Exercise prompt
Your answer must be the exact lines of the listing below that run from the line with "with seam detailing" to the line with "Hot Indian Wife", ends included, and no pictures.
Data section start
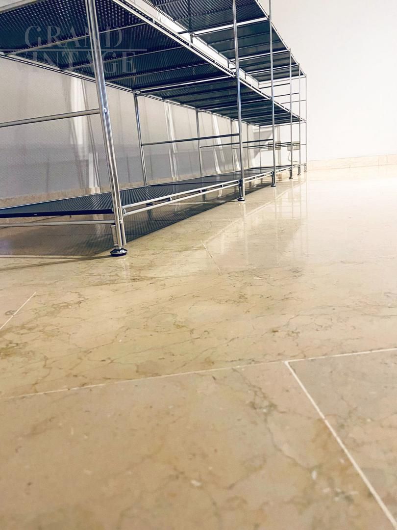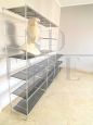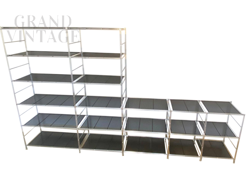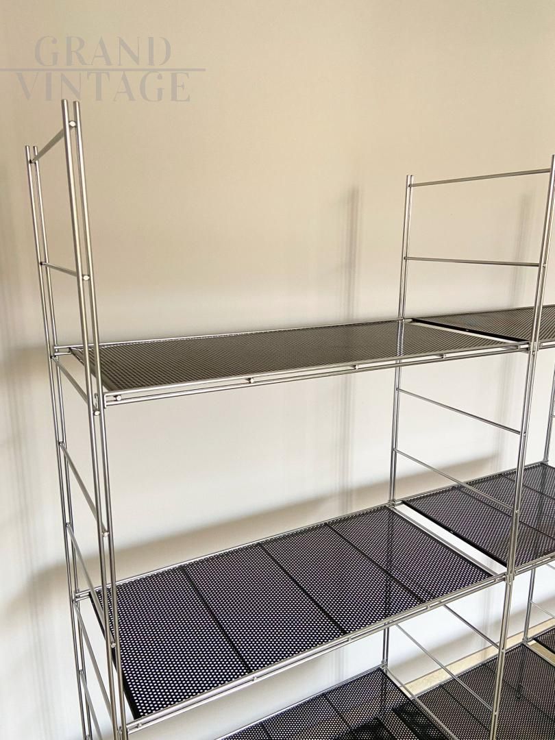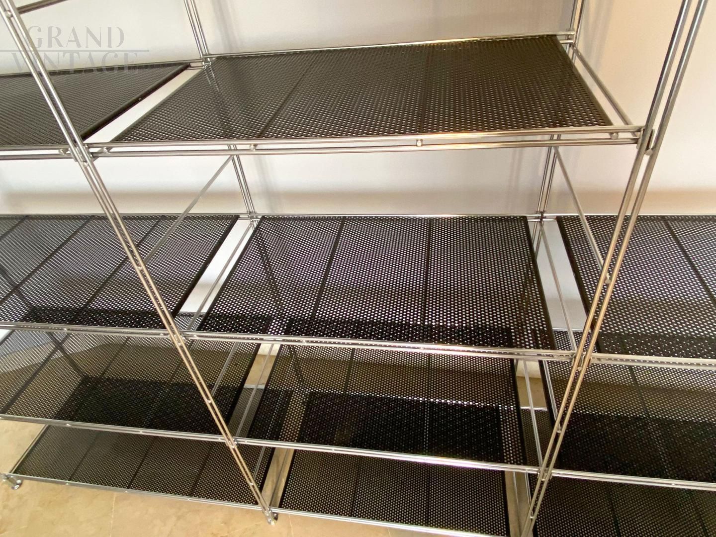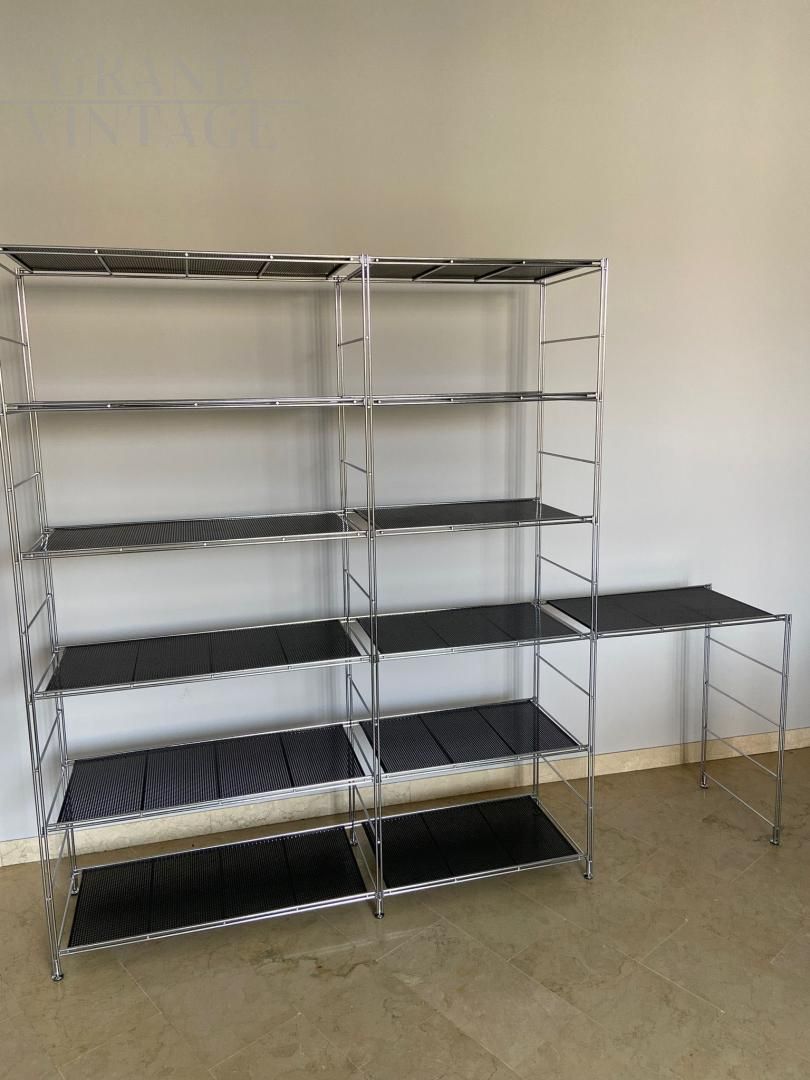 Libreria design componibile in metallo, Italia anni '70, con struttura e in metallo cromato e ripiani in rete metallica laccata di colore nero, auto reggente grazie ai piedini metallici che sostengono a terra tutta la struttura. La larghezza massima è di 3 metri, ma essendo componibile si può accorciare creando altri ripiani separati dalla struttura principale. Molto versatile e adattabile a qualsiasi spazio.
Data section end
Data section start
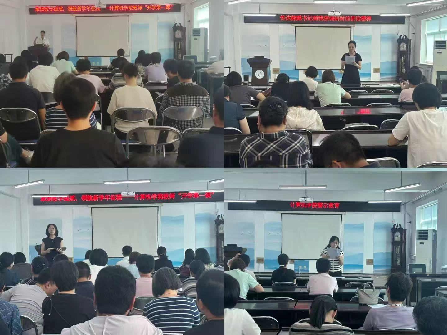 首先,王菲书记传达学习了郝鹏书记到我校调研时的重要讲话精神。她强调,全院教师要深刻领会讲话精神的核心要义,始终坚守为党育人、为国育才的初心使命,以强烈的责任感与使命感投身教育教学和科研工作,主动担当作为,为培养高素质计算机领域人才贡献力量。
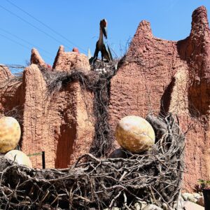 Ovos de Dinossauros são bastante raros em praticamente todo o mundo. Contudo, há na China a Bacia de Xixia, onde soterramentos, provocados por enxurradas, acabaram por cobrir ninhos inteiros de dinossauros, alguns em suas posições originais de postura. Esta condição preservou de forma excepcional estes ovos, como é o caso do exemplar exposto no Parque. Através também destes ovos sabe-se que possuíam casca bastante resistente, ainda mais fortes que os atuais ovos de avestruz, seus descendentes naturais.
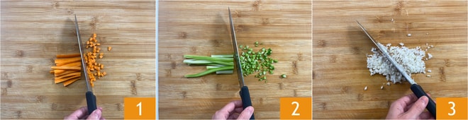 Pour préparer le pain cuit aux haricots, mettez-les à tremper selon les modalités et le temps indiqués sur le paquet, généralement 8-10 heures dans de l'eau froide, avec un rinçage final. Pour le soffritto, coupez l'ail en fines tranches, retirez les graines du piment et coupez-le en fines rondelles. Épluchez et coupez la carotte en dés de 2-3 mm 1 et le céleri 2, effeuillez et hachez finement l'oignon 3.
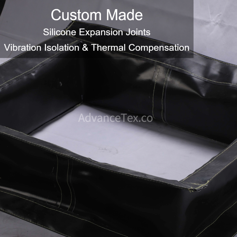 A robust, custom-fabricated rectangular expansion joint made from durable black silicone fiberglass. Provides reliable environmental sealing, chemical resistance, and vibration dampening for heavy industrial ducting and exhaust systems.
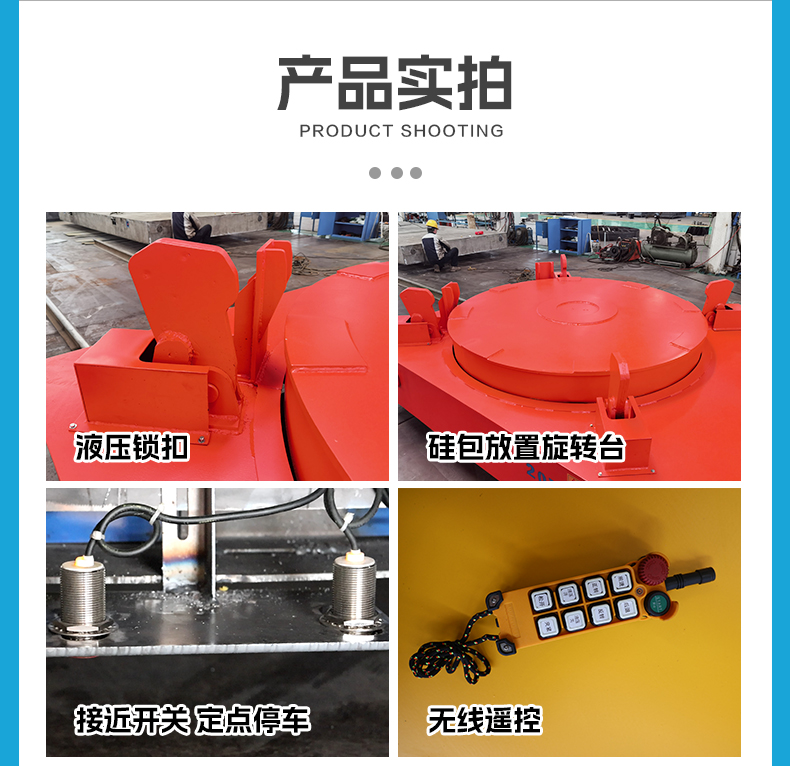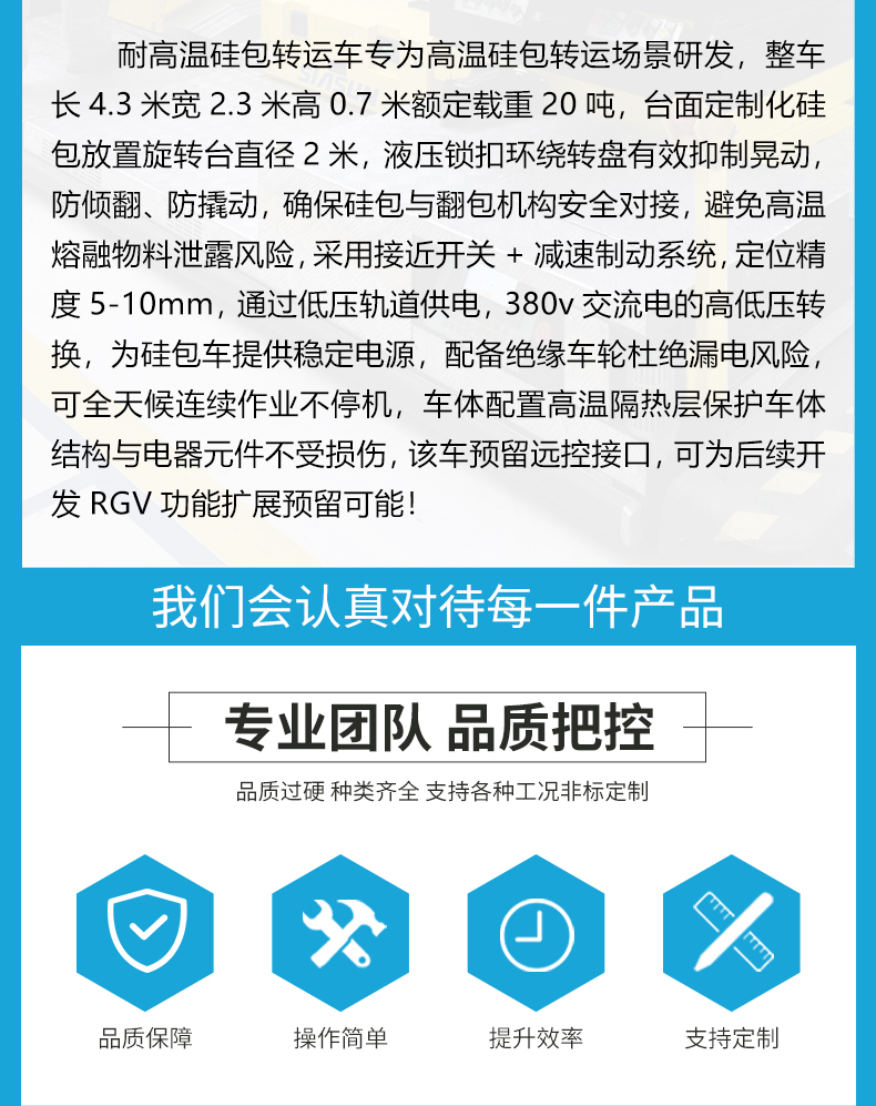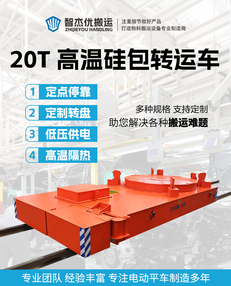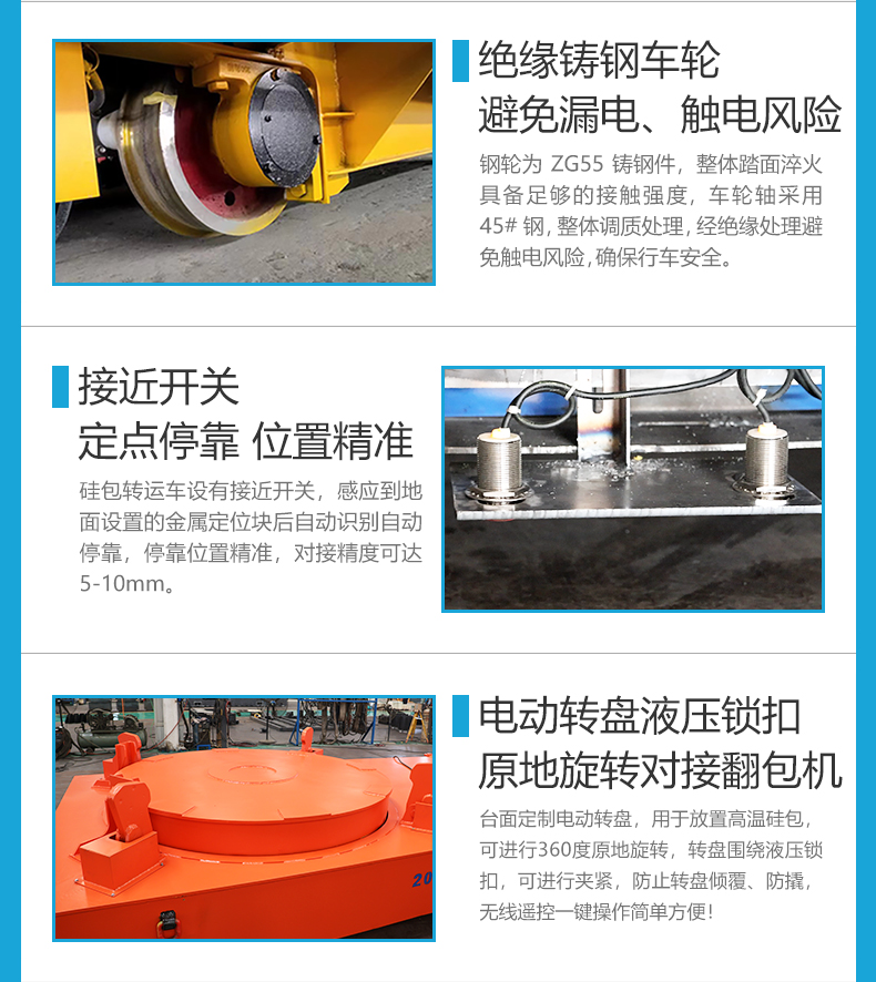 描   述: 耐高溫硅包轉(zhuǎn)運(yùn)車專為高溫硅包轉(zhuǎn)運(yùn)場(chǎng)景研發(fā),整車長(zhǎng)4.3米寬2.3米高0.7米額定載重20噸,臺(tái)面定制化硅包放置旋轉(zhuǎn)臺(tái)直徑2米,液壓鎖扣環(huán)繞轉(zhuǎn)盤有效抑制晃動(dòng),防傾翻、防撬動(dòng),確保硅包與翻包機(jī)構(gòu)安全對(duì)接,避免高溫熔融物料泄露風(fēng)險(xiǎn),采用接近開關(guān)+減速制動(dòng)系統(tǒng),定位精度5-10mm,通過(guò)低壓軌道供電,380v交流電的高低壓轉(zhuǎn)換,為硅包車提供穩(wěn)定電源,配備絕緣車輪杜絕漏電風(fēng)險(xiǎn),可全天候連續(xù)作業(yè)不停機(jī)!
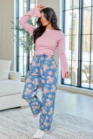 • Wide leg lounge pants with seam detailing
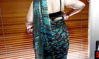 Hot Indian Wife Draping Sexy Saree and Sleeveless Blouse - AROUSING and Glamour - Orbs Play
Data section end
Response
 • Wide leg lounge pants with seam detailing
 Hot Indian Wife Draping Sexy Saree and Sleeveless Blouse - AROUSING and Glamour - Orbs Play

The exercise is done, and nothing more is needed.